Engaged Pedagogy within the Neoliberal University


Jade Da Costa, University of Guelph

From September 2016 to April 2023, I acted as a teacher’s assistant (TA) for the department of Sociology at York University. For the courses that I assisted, undergraduate students were asked to complete two ten-percent assignments that were entirely designed by their TA. In the winter of 2020, I began assigning the Student Choice Project as one of my tutorial activities. The design of the project is as named: students are asked to choose a platform through which they can explore and apply course material. The only requirement is that students must select a platform that is either creative and/or personalized. I have received countless submissions of wonder, art, and beauty since first assigning the Student Choice Project four years ago and consider the overall success of these assignments to be a testament to the project’s inspiration: bell hooks’ (1994) engaged pedagogy. Yet, I would be amiss if I said that students did not struggle with the project. I have found myself having to repeatedly assure students that they would not be penalized for their creativity or alternative thinking. Many seem to feel that the project’s intentional accessibility was a trick, whereas others found the agency of the project to be overwhelming, if not debilitating. Overtime, I have come to regard these reactions for what they are: symptoms of the neoliberal university (Mintz, 2021).

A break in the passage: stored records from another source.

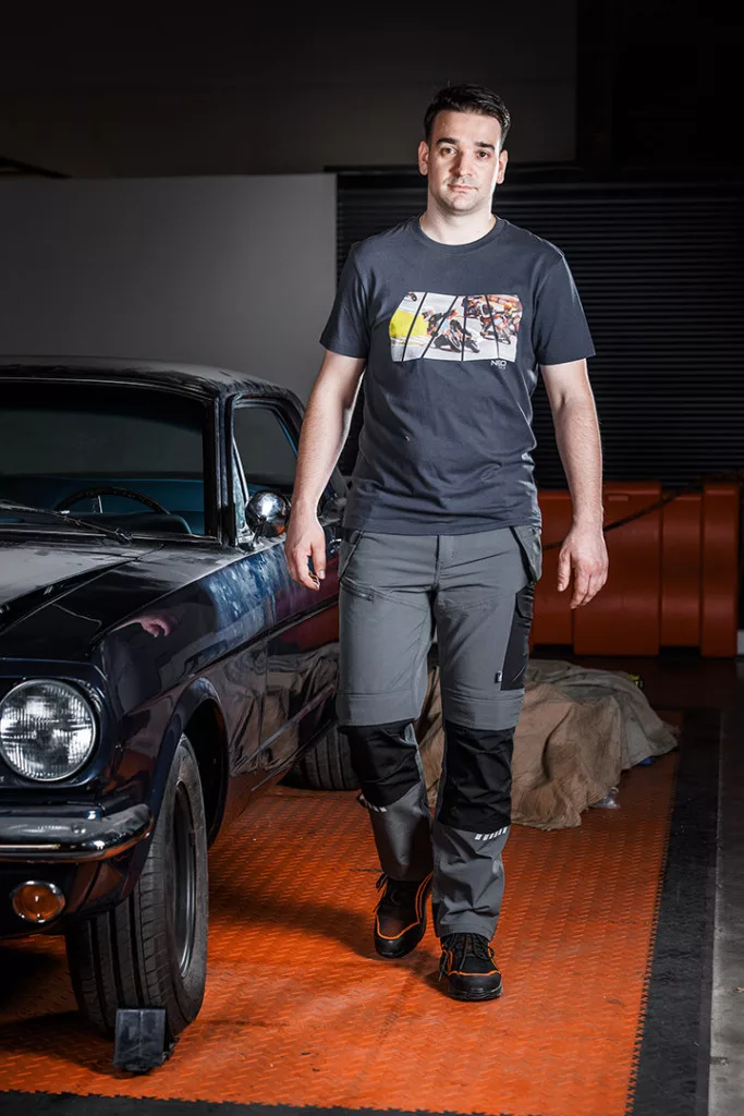 NEO 81-681 MUNKAVÉDELMI PÓLÓ, MOTORKERÉKPÁR MINTA, 100% PAMUT, 180G/M2. Kékesszürke színű, elöl nyomtatással. A fotónyomtatott grafika motorokat ábrázol . A nyomtatás a panelek szabálytalan formáiba van beépítve - a márka logóját is tartalmazza. Ez a dizájn a motorkerékpárok szerelmeseinek szól. A póló 180 g/m2 -es, 100% pamut kötött anyagból készült. A nyakra nyomtatott logó, valamint a névtábla megkönnyíti a ruhadarab személyre szabását. A póló kerek nyakkivágással rendelkezik, amelyet elasztikus szalaggal zárnak le. A NEO TOOLS márka egyedi, saját tervezésű darabja.
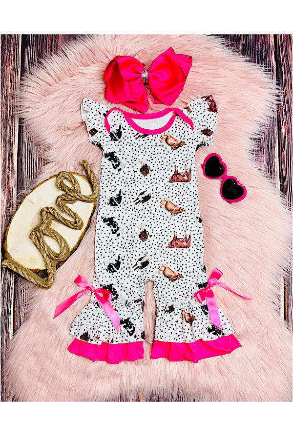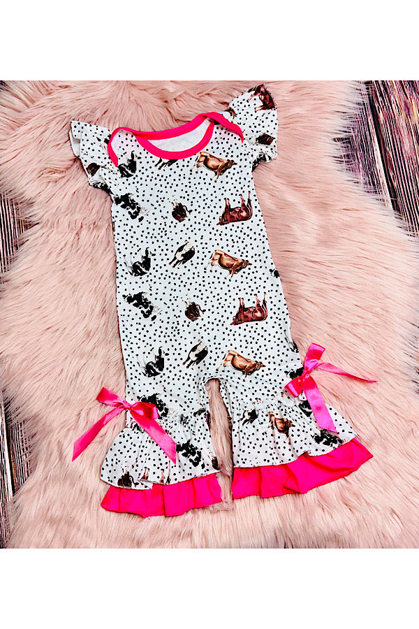 - Romper features cows & black polka dots print on white background w/hot pink ruffles & short sleeve cut.
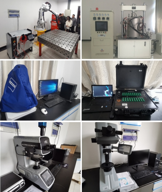 目前团队具备焊接制造与加工实验室和组织性能分析测试设备,包括Fronius Advanced 4000机器人自动焊接系统、等离子弧/CMT电弧焊接数控加工平台、真空钎焊/扩散焊系统、威尔逊Wilson VH1150宏观维氏硬度计、蔚仪HV-1000TPTA显微维氏硬度计、焊接应力测试仪、宏观/微观体式显微镜等。
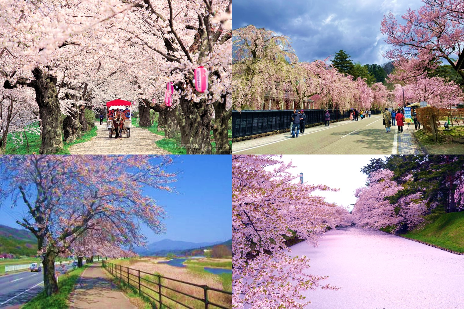 Theo chiều kim đồng hồ từ trên cùng bên trái: Công viên Kitakami Tenshochi, Khu nhà ở Samurai Kakunodate, Công viên Hirosaki, Ayaori no Sakura-namiki. (Nguồn ảnh: 岩手県観光協会, Japanmase, Tỉnh Aomori)
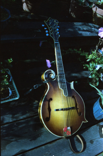 こちらが、最初に手に入れた「マンドリン」です。 Suzuki製です。 安い値段の楽器なのですが、表板は単板です。 今でも、持っています。 |
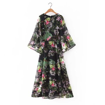 2016歐美風春夏女裝新款批發(fā)花色喇叭袖連衣裙 /
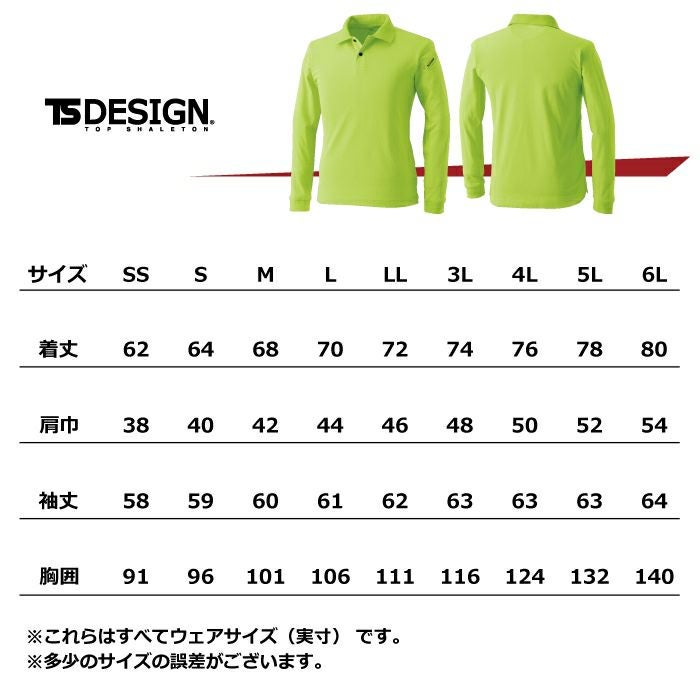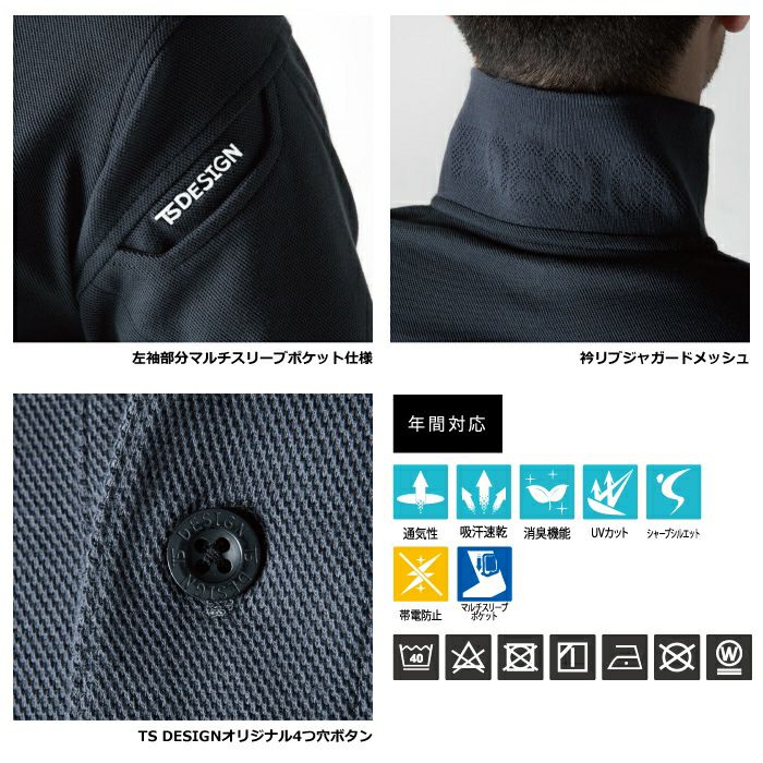 ●関連商品※4065ショートスリーブポロシャツ※4075ロングスリーブポロシャツ●オールシーズン用●素材:ESドライ鹿の子(導電繊維混入) ポリエステル70% 綿30%●通気性、吸汗速乾、消臭機能、UVカット、シャープシルエット、帯電防止、マルチスリーブポケット、左袖部分マルチスリーブポケット仕様、衿リブジャガードメッシュ(TS AIR FLOW SYSTEM)、TS DESIGNオリジナル4つ穴ボタン●サイズ:SS(着丈/62、肩巾/38、袖丈/58、胸囲/91)、S(着丈/64、肩巾/40、袖丈/59、胸囲/96)、M(着丈/68、肩巾/42、袖丈/60、胸囲/101)、L(着丈/70、肩巾/44、袖丈/61、胸囲/106)、LL(着丈/72、肩巾/46、袖丈/62、胸囲/111)、3L(着丈/74、肩巾/48、袖丈/63、胸囲/116)、4L(着丈/76、肩巾/50、袖丈/63、胸囲/124)、5L(着丈/78、肩巾/52、袖丈/63、胸囲/132)、6L(着丈/80、肩巾/54、袖丈/64、胸囲/140)●カラー:ホワイト、チャコールグレー、ロイヤルブルー、ネイビー、ライトグリーン、ワイン、ブラック

Within this educational climate, emergent students and scholars are trained to follow strict, bureaucratic guidelines that not only encourage them to fear agency, but to disavow their embodied experiences and creative energies as legitimate sources of knowledge. Taking this realization as my point of entry, I explore what it means to do engaged pedagogy within a postsecondary climate that is increasingly defined by neoliberalism.